- [ACTIVITY]:
Your output should be everything below from the line containing "If your flute" down to the line containing "多空转折点:2990.00", both ends included, copied exactly, with pictures left out.

- [RECORDS SHOWN]:
== Segment start ==
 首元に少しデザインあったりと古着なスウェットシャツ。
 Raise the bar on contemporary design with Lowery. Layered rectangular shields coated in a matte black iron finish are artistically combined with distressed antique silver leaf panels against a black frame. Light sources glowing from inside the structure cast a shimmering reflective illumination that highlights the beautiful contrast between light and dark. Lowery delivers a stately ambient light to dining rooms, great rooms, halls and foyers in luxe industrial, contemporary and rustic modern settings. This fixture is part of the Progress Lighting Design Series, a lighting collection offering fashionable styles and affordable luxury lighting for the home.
== Segment end ==
== Segment start ==
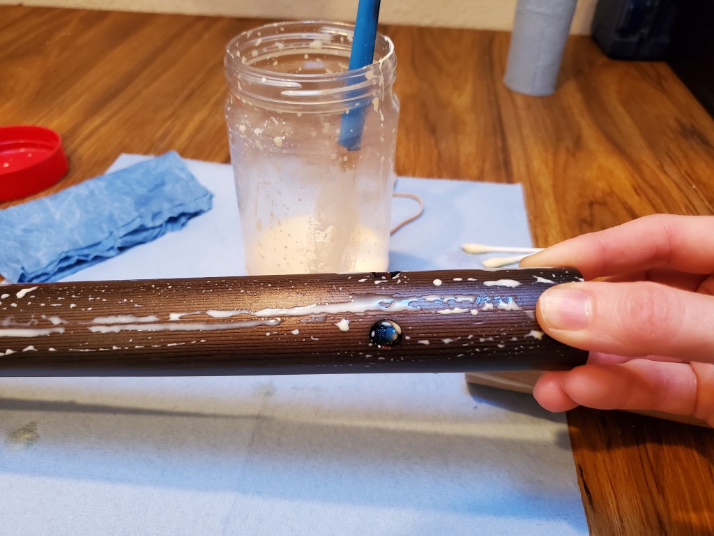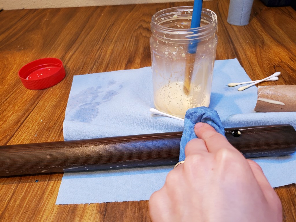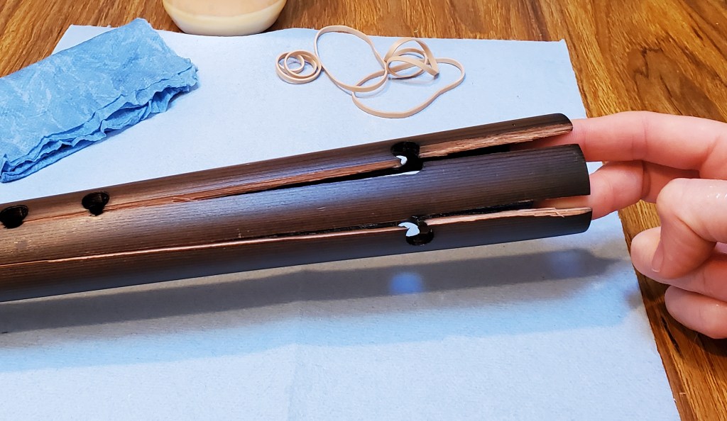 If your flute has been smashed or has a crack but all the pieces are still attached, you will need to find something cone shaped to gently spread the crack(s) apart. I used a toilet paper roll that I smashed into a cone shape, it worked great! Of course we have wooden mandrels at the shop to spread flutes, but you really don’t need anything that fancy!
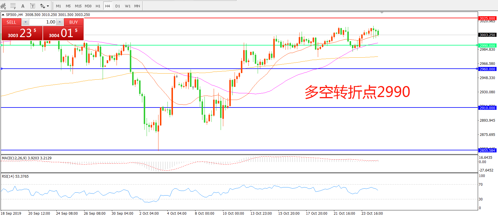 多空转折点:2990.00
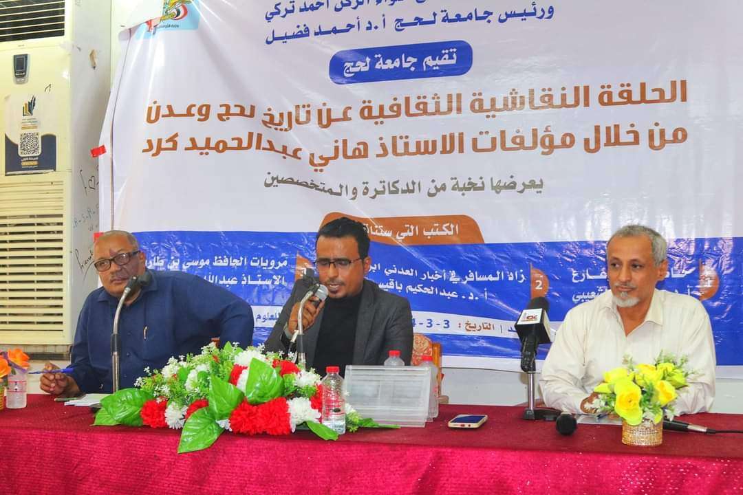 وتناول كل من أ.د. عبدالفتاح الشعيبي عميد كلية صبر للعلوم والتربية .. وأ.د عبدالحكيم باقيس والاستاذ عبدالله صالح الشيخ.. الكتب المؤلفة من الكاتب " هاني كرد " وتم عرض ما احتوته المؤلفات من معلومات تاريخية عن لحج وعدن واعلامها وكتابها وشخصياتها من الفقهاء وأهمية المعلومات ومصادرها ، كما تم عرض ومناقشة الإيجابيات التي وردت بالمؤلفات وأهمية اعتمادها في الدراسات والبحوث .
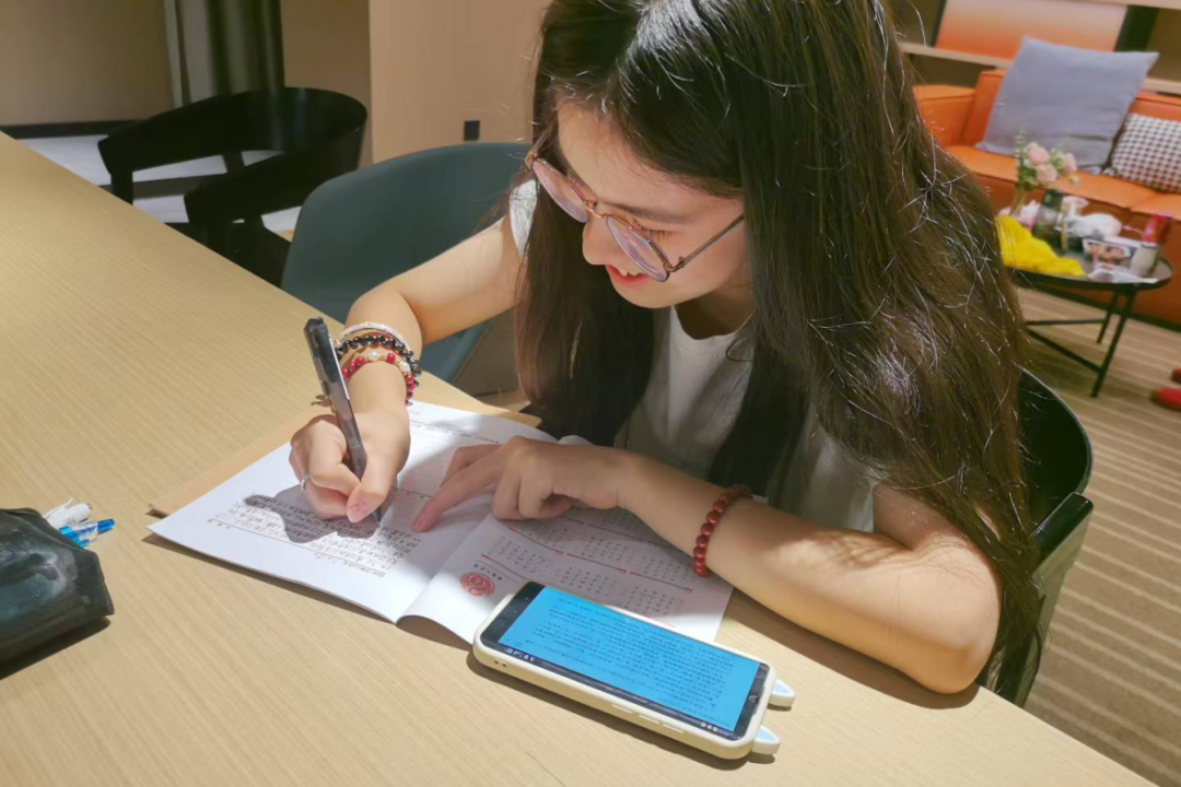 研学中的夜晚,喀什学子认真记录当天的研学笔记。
== Segment end ==
== Segment start ==
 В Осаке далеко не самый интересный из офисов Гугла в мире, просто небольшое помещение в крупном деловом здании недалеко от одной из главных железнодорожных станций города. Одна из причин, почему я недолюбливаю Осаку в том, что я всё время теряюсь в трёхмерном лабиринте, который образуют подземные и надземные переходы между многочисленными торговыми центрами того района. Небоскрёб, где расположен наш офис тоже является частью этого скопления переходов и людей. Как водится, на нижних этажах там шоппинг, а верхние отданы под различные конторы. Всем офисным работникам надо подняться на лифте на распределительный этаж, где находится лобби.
== Segment end ==
- [ANSWER TO THIS TASK]:
 If your flute has been smashed or has a crack but all the pieces are still attached, you will need to find something cone shaped to gently spread the crack(s) apart. I used a toilet paper roll that I smashed into a cone shape, it worked great! Of course we have wooden mandrels at the shop to spread flutes, but you really don’t need anything that fancy!
 多空转折点:2990.00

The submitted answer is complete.